A workable analytics platform has always been a time-consuming and resource-intensive undertaking. Storing and processing Big Data required huge investments in servers, storage, and power. For many businesses, such high upfront costs made analytics unviable. Even when they had the resources, opportunity cost analysis often led to the investment going elsewhere.
The cloud converts analytics costs from capital expenditure (CAPEX) to operational expenditure (OPEX.) Businesses pay the provider only for the database, software, servers, and tools they consume. Enterprise IT does not have to spend time, effort, or resources building up such infrastructure.
The cloud ties the expenses to the analytical process, making costs transparent and affordable. Businesses can consider if the insights on offer are worth the costs.
Enterprise IT does not have to spend time, effort, or resources building up such infrastructure.
3. Speed
The lack of high-latency connections over the public internet bogs down on-premises analytics. The cloud, in contrast, enables fast and unrestricted analytics.
Leading providers offer fault-tolerant platforms with 99.999% service availability. The redundant servers spread over multiple geographies, ensure availability at any time. Users get easy access to cloud analytics through the web interface or mobile apps. Enterprise IT does not have to spend time, effort, or resources building up infrastructure. Businesses may hit the ground running.
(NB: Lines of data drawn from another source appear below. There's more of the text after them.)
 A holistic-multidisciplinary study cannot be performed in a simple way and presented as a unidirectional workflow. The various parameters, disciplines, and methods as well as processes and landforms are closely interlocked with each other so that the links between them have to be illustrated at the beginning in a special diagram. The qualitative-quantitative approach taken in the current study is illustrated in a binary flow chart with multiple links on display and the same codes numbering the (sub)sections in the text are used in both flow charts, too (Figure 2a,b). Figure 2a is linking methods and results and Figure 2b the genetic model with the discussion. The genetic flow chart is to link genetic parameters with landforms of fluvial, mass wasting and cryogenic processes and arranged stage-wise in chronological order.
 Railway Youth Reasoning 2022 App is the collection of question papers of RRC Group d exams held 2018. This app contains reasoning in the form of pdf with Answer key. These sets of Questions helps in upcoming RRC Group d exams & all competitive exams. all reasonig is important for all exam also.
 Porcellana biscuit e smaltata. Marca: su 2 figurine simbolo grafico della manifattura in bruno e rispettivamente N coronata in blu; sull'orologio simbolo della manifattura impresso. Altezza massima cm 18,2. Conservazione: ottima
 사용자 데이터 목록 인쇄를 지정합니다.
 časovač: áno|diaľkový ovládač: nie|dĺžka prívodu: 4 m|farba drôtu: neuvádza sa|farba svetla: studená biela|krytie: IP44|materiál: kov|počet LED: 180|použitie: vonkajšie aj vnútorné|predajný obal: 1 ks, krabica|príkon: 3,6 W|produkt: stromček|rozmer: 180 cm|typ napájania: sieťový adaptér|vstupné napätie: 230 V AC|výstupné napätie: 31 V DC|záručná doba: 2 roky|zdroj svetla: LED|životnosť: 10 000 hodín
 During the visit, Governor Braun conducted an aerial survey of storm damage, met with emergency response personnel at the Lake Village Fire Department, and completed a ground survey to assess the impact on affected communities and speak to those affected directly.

4. Easy scale-up or scale-down
The cloud offers an elastic scale, making the analytics process agile. The business may add data storage and analytic capabilities as needed. They do not have to block resources, provisioning for peak load always. Such flexibility aids short term and ad-hoc analysis.
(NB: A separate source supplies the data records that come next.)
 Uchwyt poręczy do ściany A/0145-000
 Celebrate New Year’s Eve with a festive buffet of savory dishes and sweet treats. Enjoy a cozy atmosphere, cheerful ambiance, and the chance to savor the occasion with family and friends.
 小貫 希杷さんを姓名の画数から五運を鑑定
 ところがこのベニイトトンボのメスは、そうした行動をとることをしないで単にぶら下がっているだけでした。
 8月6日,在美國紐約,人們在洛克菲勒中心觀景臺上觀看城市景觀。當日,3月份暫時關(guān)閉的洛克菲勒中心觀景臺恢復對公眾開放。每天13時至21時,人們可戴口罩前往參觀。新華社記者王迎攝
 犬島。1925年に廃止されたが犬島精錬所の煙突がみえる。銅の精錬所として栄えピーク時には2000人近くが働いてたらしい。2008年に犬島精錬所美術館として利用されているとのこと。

Elastic scale aids effective decision-making in today’s fluid and fast-paced business environment.
5. Seamless Collaboration
Analytical insights serve their purpose only when shared with other stakeholders. The cloud makes information accessible to a broader, more distributed user base.
With the database and analytics software stored in the cloud, analysts get access from anywhere in the world.
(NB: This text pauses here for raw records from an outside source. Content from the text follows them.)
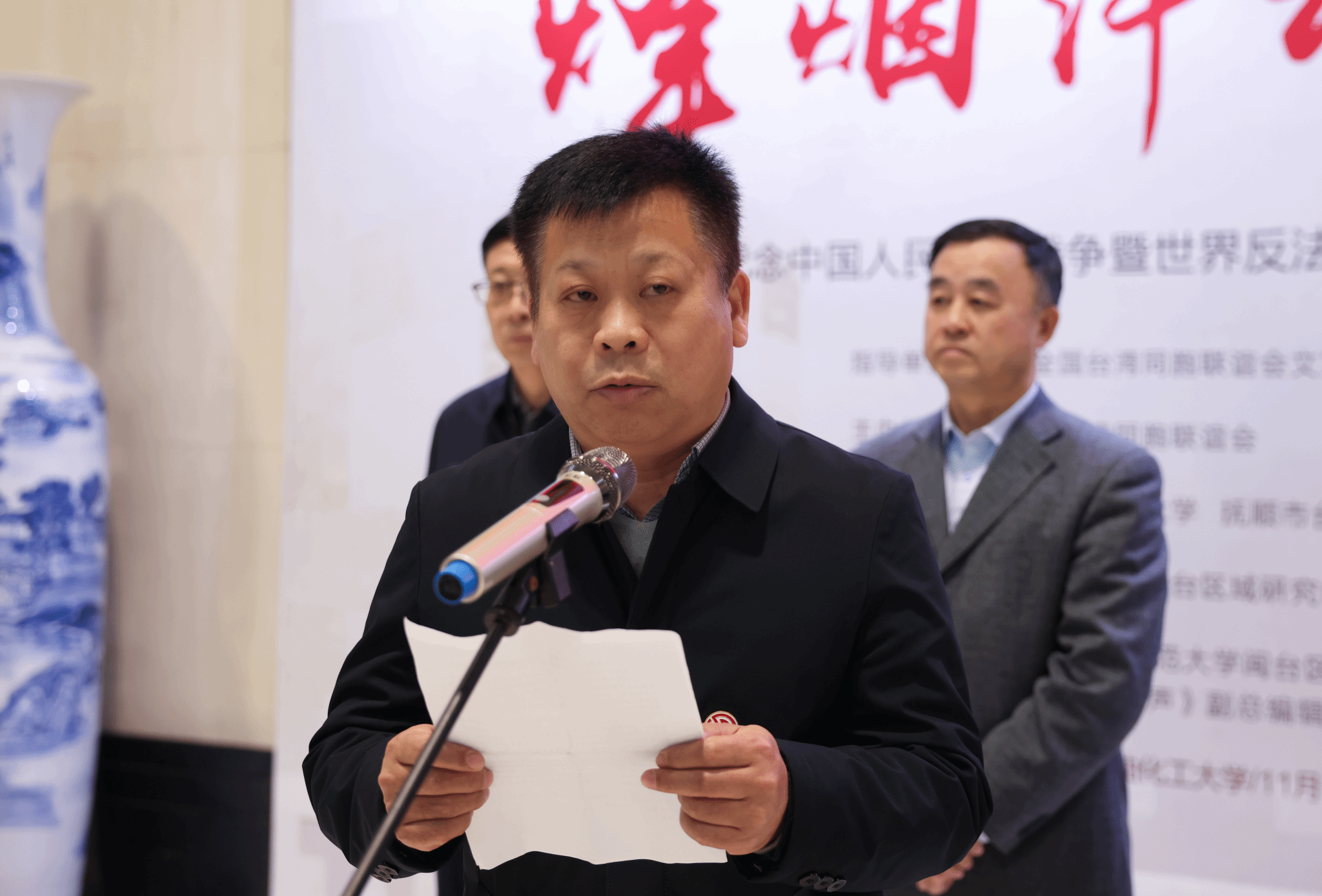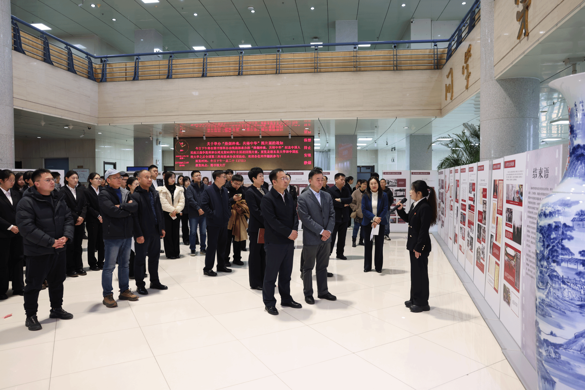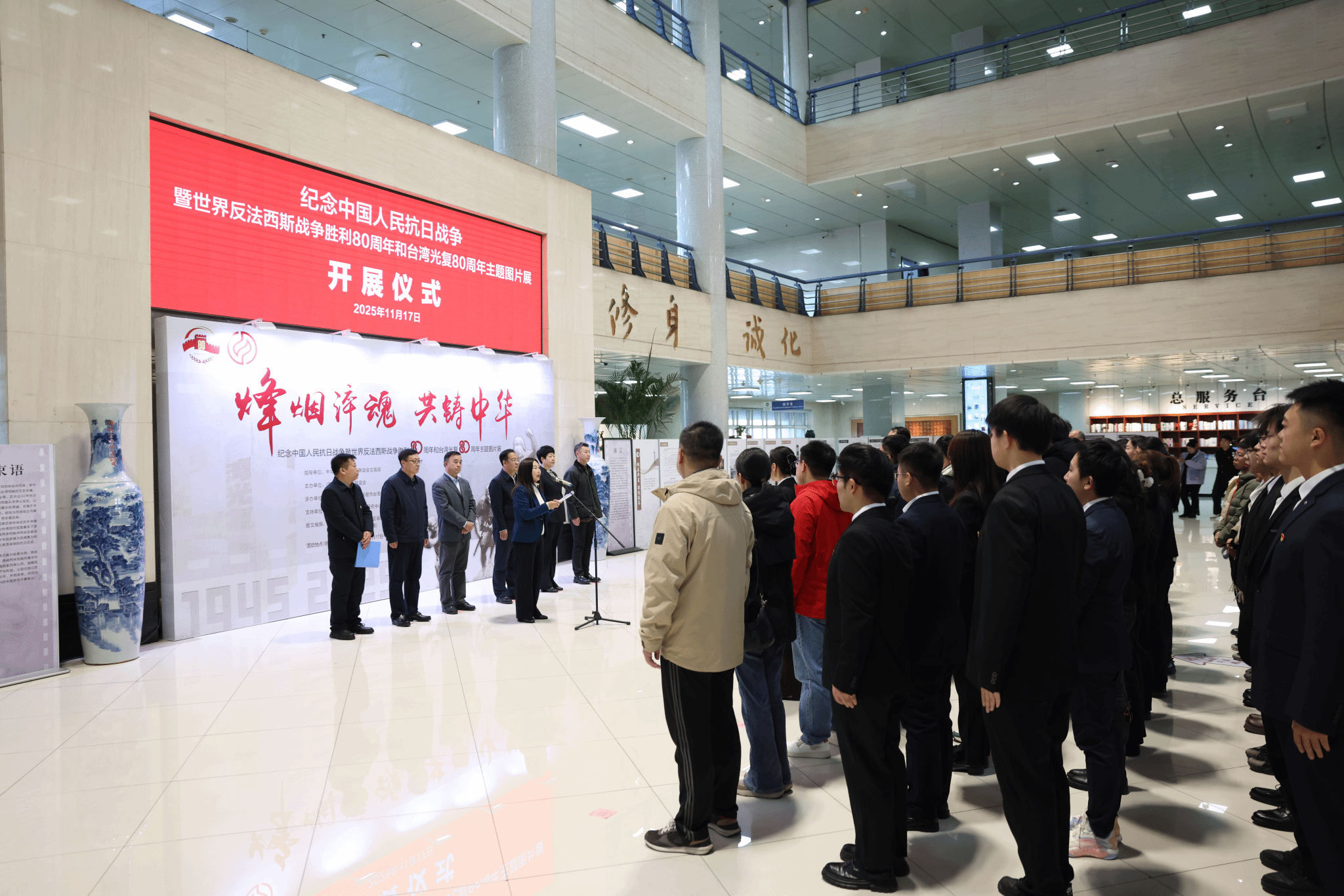11月17日下午,由全国台联策划,辽宁省台联主办,我校与抚顺市台联承办的“烽烟淬魂 共铸中华”主题图片展在我校图书馆启幕。全国台联副会长、辽宁省台联会长周琪,抚顺市委统战部副部长王彤,我校党委书记霍庆生、党委副书记钟俊生等出席了开幕式。开幕式由我校党委统战部部长张燕主持。
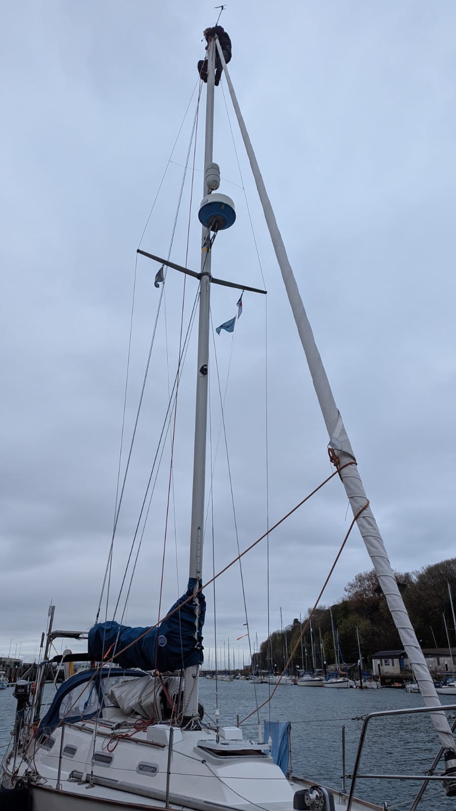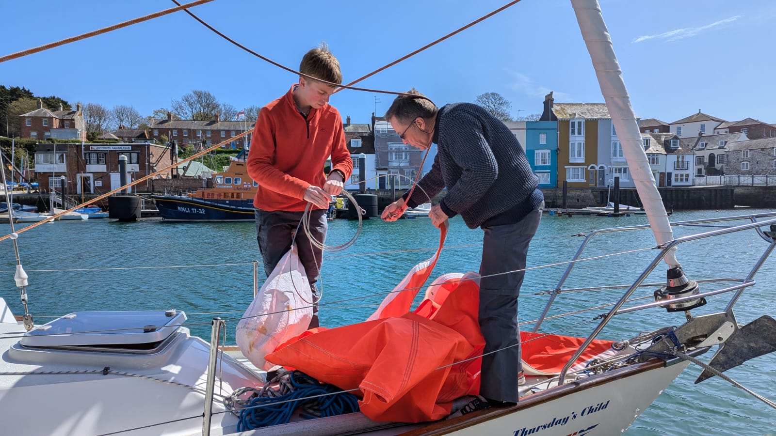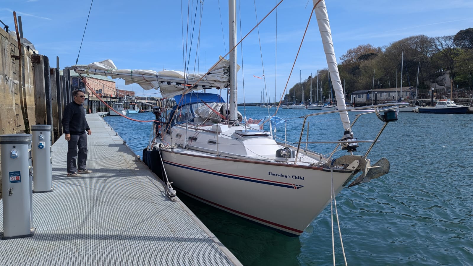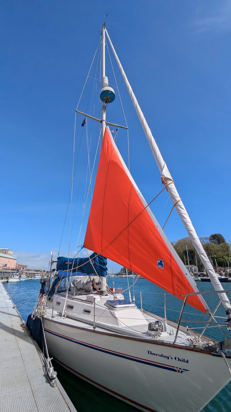 050:36.47N Friday 17 April Since arriving in Weymouth on Tuesday, we’ve spent our time waiting for the westerly blow to pass over before continuing on towards Dartmouth. The weather forecast looks like it will turn easterly on Sunday which is exciting. So Wednesday and Thursday have been filled with exploring and doing some walks locally, last time we were here was to watch the 2012 Olympics; now we are the only boat on the pontoon. Today we did some boat admin; Harry went up the mast with some PTFE spray as the jib was quite difficult to furl on Tuesday. The big difference between now and 2012 is that back then Harry went up the mast for fun, now he is being very helpful! In preparation for some hoped-for downwind sailing we set up a preventer on the main boom to help hold it in place and prevent any accidental jibes, luxury to be alongside a pontoon for this job. Plenty of curious by-standers asking what we were doing. We also reeved a third reefing line and dug out the bright orange storm jib and experimented with hoisting it in various ways; these latter two jobs were insurance against never needing them for real. We don’t plug into pontoon electrics as TC isn’t set up for that, so Bol has done an outstanding job with solar panels this winter. So much so that we were able to make our mid morning cuppa using a tiny 12v kettle powered by the sun, nice. Planning a trip to Portland Bill tomorrow, us going by bus and Harry has hired a bike. Then fingers crossed we’ll be underway early Sunday heading west. |
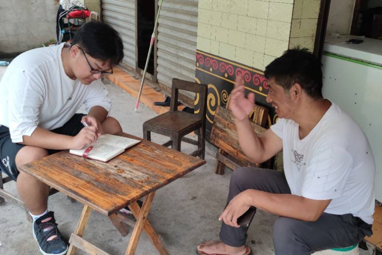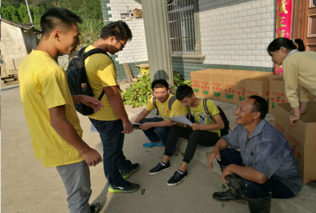 村民给志愿者介绍收入情况
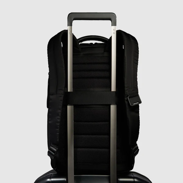 Zaino da viaggio porta pc e iPad® in pelle e tessuto con tasche per AirPods®, botttiglia e Piquadro Smart Tracker, protezioni antiurto e RFID

Intuitive smartphone apps and web browser interfaces facilitate seamless access. Pre-built dashboards and flexible reports aid the delivery of insights. Custom visualisation capabilities, offered by many providers, enable recipients to customise views.
6. Advanced Security
The notion of the cloud being not secure is now passé. Any credible cloud analytics provider offers advanced security. Data encryption, granular admin control, vulnerability assessment and penetration testing delivers robust security.
Among the different cloud models, the public cloud is the most vulnerable. The risk of data leaks to other clients who share the cloud servers persists. But security protocols such as voice recognition and fingerprint authentication mitigate such risks. Multi-factor authentication and encryption ensure data integrity. Redundant servers protect against accidental deletion. ISO27K standards ensure data integrity.
7. Disaster Recovery
Traditional data recovery strategies cannot overcome today’s devastating cyber-attacks. Deploying duplicate storage, servers, networking equipment, and other infrastructure is difficult and expensive. Legacy systems take very long to back up and restore anyway.
The cloud infrastructure, with its redundant servers and anytime availability, offers in-built resilience. The cloud allows the enterprise to pre-empt data loss in the eventuality of natural calamities, power outages, equipment failures, or other disasters.
The global cloud-based business analytics software market will touch $57.055 million by 2023. As the Internet becomes more widespread and there is greater convergence in the cloud space, the potential and use of the cloud will increase leap and bounds from the current levels.